Monday, August 3, the Alabama legislature return for a Special Session to deal with the State General Fund (SGF) situation that has had the legislature and the Governor at loggerheads for months now.

Alabama Governor Robert Bentley (R) is demanding that legislators increases taxes on the people of Alabama by at least $310 million and raid $31 from the education trust fund (ETF) to fully fund the SGF to over $1.9 billion for fiscal year 2016 which begins on October 1.

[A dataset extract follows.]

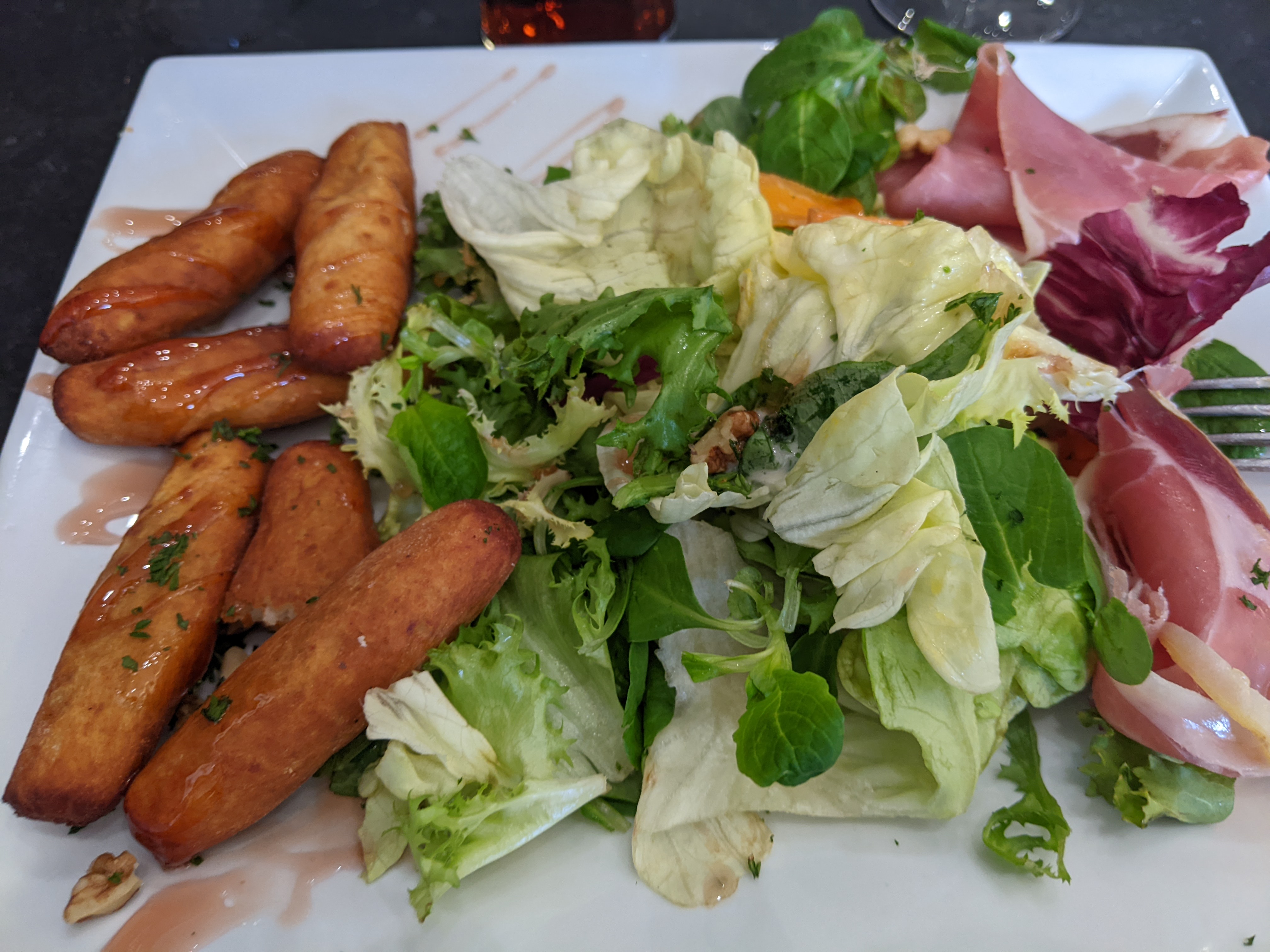 Agréablement surprise par la salade du champsaur. Une tuerie 😉 avec sa petite sauce aigre douce maison. En dessert une excellente tarte tatin. Cadre et Service impeccable. On reviendra j'espère si l'occasion le permet.

The Governor wants to transfer existing use tax dollars from the ETF to the SGF.  He also wants to raise the tobacco tax by 25 cents per pack and apply the tax to new e-cigarettes and vapor products. The vape tax has been criticized as making it harder for people to get off of tobacco products. The governor also wants to change the business privilege tax so that it hits corporations and large businesses much harder while exempting most small businesses.

Gov. Bentley would partially pay for the hole in the ETF by raising income taxes by eliminating the FICA and Federal income tax deductions. Many taxpayers would see their taxes go up under Bentley’s plan.

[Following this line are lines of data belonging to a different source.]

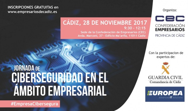 La Confederación de Empresarios de la provincia de Cádiz, la Comandancia de la Guardia Civil de Cádiz y la empresa Europea IT (Europea Group) organizan esta jornada con el objetivo de difundir y promover las acciones preventivas de protección de las cadenas de valor de las empresas, frente a posibles ataques informáticos.
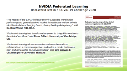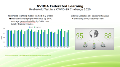 Andrew Feng 指出,數據是 AI 的基石,但在醫療與金融等高度監管的產業中,數據往往分散在各自的私有環境(Data Silos)中無法共享。NVIDIA 自 2019 年投入醫學影像切割的聯邦學習研究,核心使命即是「將分佈在各地的數據價值利用起來,同時嚴格保護數據隱私與合規性。」演講中回顧了 NVIDIA 聯邦學習技術的關鍵戰役。2020 年疫情爆發期間,NVIDIA 與麻省總醫院(Mass General Brigham)合作,針對 COVID-19 患者的氧氣需求預測開發 AI 模型。實驗結果顯示,全球 20 多家醫院(包含臺灣、英國等)透過聯邦學習訓練的模型,相較於僅用本地數據,平均精確度提升 18%,更重要的是模型的泛化能力(Generalizability)提升了 34%,證明了聯邦學習能有效提升模型在不同場域的適用性,此成果已發表於國際權威期刊《Nature Medicine》。
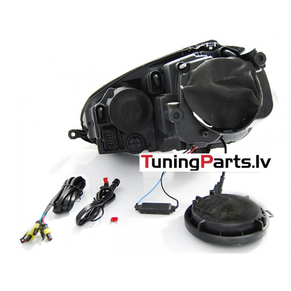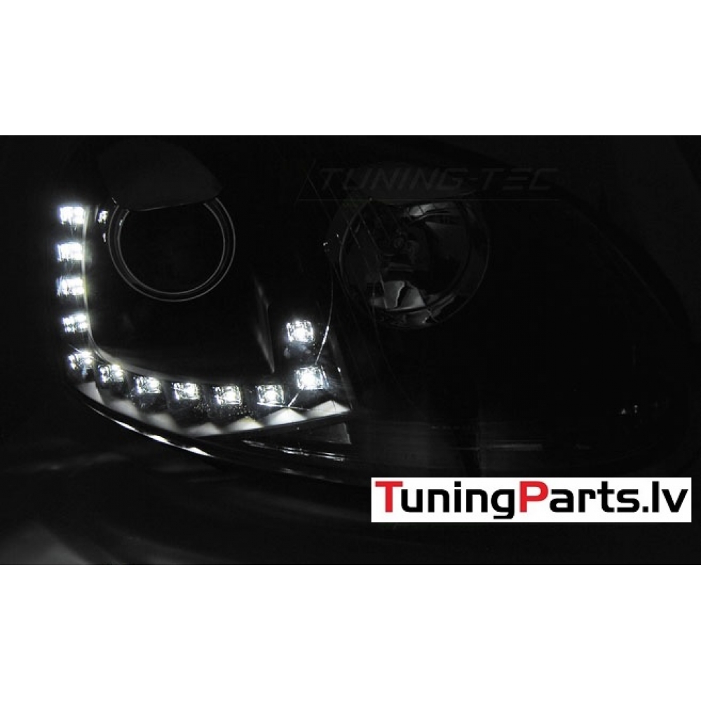VW Golf 5 (03-09) priekšējie lukturi, LED DRL, melni

Another plan being discussed is taxing soft drinks, tea, coffee, sports drinks etc. on top of the existing sales taxes that people already pay. This has been criticized as a regressive tax that hits families the hardest.

One proposal that appears to be gaining steam is transferring $260 million a year in use taxes to the General Fund and then either recessing or plugging the hole in the future with gambling revenues. The growth taxes that fuel the ETF are very volatile; but legislators are predicting that the EF will have a $260 million surplus next year that goes to the stabilization fund. The Governor wants to take $31 million of that in addition to all of his tax increases. Some legislators want to take the whole $260 million a year to fix the general fund. Some want to plug the hole in the future with a lottery.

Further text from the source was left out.